◆ **Exercise details**
With the images removed, write out every line below exactly.

Data entries:
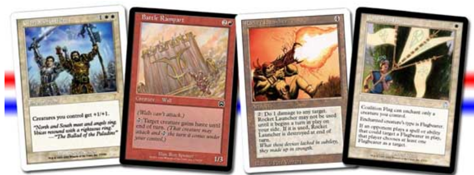
An Anthem, a Rampart, a Rocket, a Flag... what will you put in your All-American deck?

The real word to focus on, however, is "flag." Some combination of Coalition Flag and the Flagbearers ( Coalition Honor Guard and Standard Bearer ) should make their way into the deck.
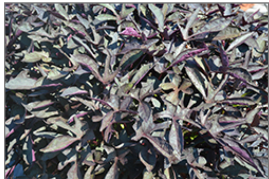
South of the Border Black Beans Sweet Potato Vine foliage

Moana Lane Garden Center & Corporate Office 1100 W. Moana Lane Reno, NV 89509 (775) 825-0600 (775) 825-0602 - Corporate Office
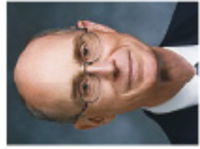
Henry B. Eyring First Counselor
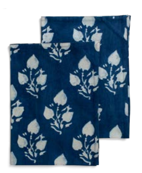
Kitchen Towels (set of 2) Indigo Leaf 100% Cotton

CA2969 – 150 x 230 cm CA2970 – 170 x 270 cm CA2971 – 150 x 350 cm
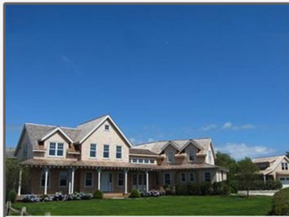
CLIFF 14 Old Westmoor Farm 6 bed. / 5.5 baths Weekly Rental: $30,000
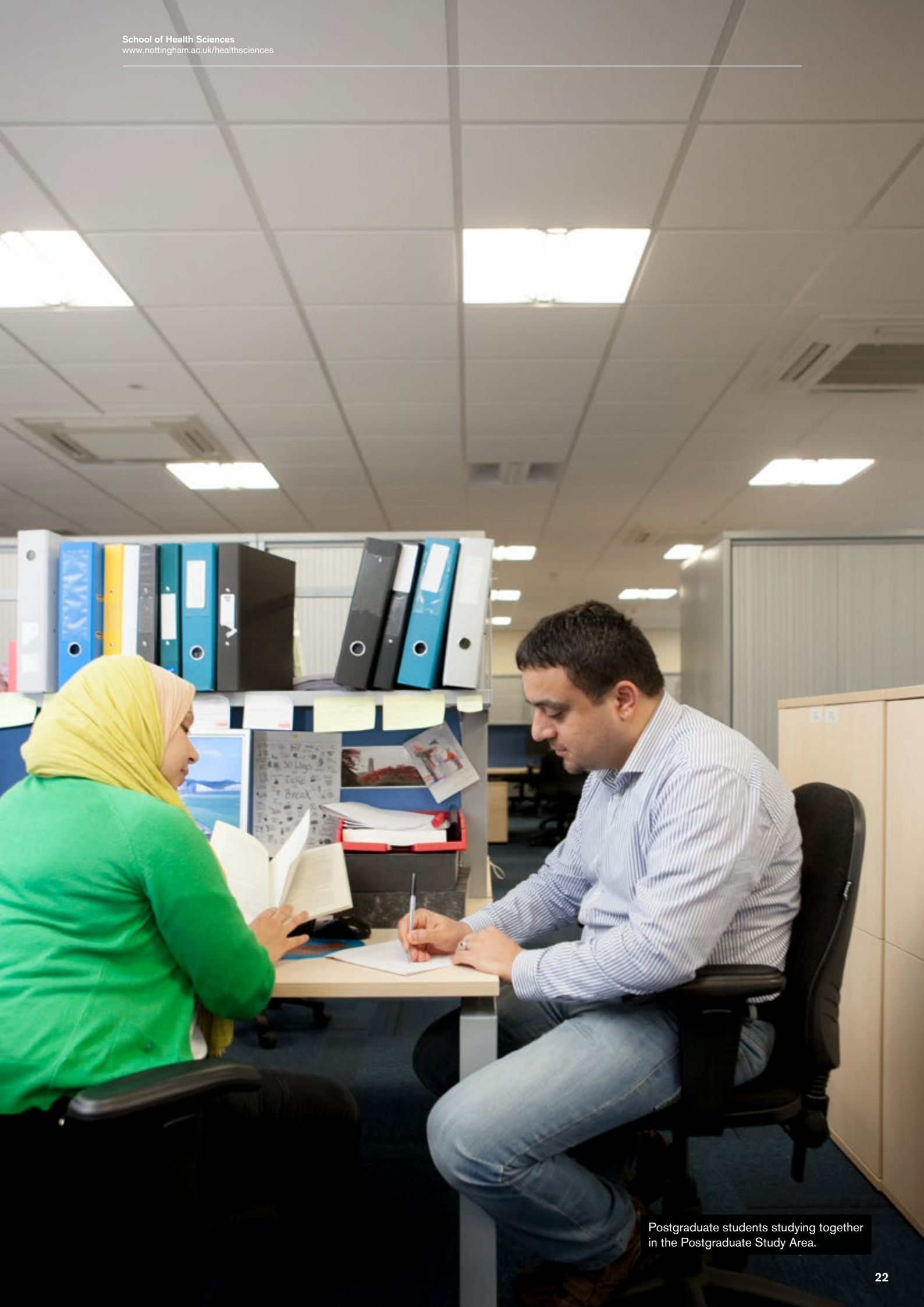
Postgraduate students studying together in the Postgraduate Study Area.
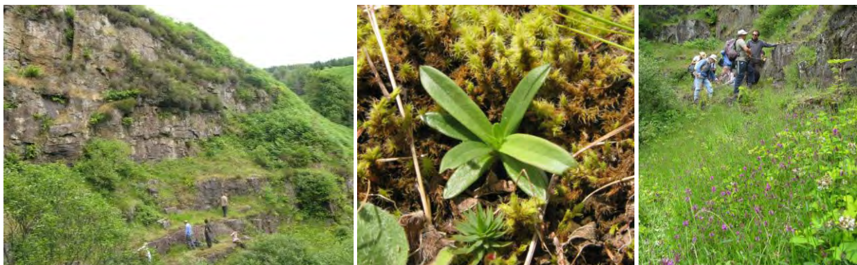
A lengthy search of the cliff-ledge site for Dianthus armeria (left) turned up only a handful of plants, some as their first-year rosettes (middle) ... but Betonica officinalis was abundant (right, foreground).

We then moved up into the quarry where Dianthus armeria (Deptford Pink) had been known since its discovery here by Julian in 1997. However, we found the population of this pretty biennial to be much diminished from the hundreds previously reported on the ledges at the far side, with just seven flowering plants and four vegetative rosettes being seen after a half-hour search and lunch stop. The most remarkable feature of this quarry, however, was the vast quantity of Betonica officinalis (Betony) – to the exclusion of all other plants in the slopes leading up to the northern face. Although a fine sight, we wondered whether such robust plants could really be native, or whether they might instead be a horticultural variant. A little to the south-east, another location for Dianthus in a smaller quarry was found to have been overcome by tall vegetation.

◆ **Result for this task**
An Anthem, a Rampart, a Rocket, a Flag... what will you put in your All-American deck?

The real word to focus on, however, is "flag." Some combination of Coalition Flag and the Flagbearers ( Coalition Honor Guard and Standard Bearer ) should make their way into the deck.
South of the Border Black Beans Sweet Potato Vine foliage

Moana Lane Garden Center & Corporate Office 1100 W. Moana Lane Reno, NV 89509 (775) 825-0600 (775) 825-0602 - Corporate Office
Henry B. Eyring First Counselor
Kitchen Towels (set of 2) Indigo Leaf 100% Cotton

CA2969 – 150 x 230 cm CA2970 – 170 x 270 cm CA2971 – 150 x 350 cm
CLIFF 14 Old Westmoor Farm 6 bed. / 5.5 baths Weekly Rental: $30,000
Postgraduate students studying together in the Postgraduate Study Area.
A lengthy search of the cliff-ledge site for Dianthus armeria (left) turned up only a handful of plants, some as their first-year rosettes (middle) ... but Betonica officinalis was abundant (right, foreground).

We then moved up into the quarry where Dianthus armeria (Deptford Pink) had been known since its discovery here by Julian in 1997. However, we found the population of this pretty biennial to be much diminished from the hundreds previously reported on the ledges at the far side, with just seven flowering plants and four vegetative rosettes being seen after a half-hour search and lunch stop. The most remarkable feature of this quarry, however, was the vast quantity of Betonica officinalis (Betony) – to the exclusion of all other plants in the slopes leading up to the northern face. Although a fine sight, we wondered whether such robust plants could really be native, or whether they might instead be a horticultural variant. A little to the south-east, another location for Dianthus in a smaller quarry was found to have been overcome by tall vegetation.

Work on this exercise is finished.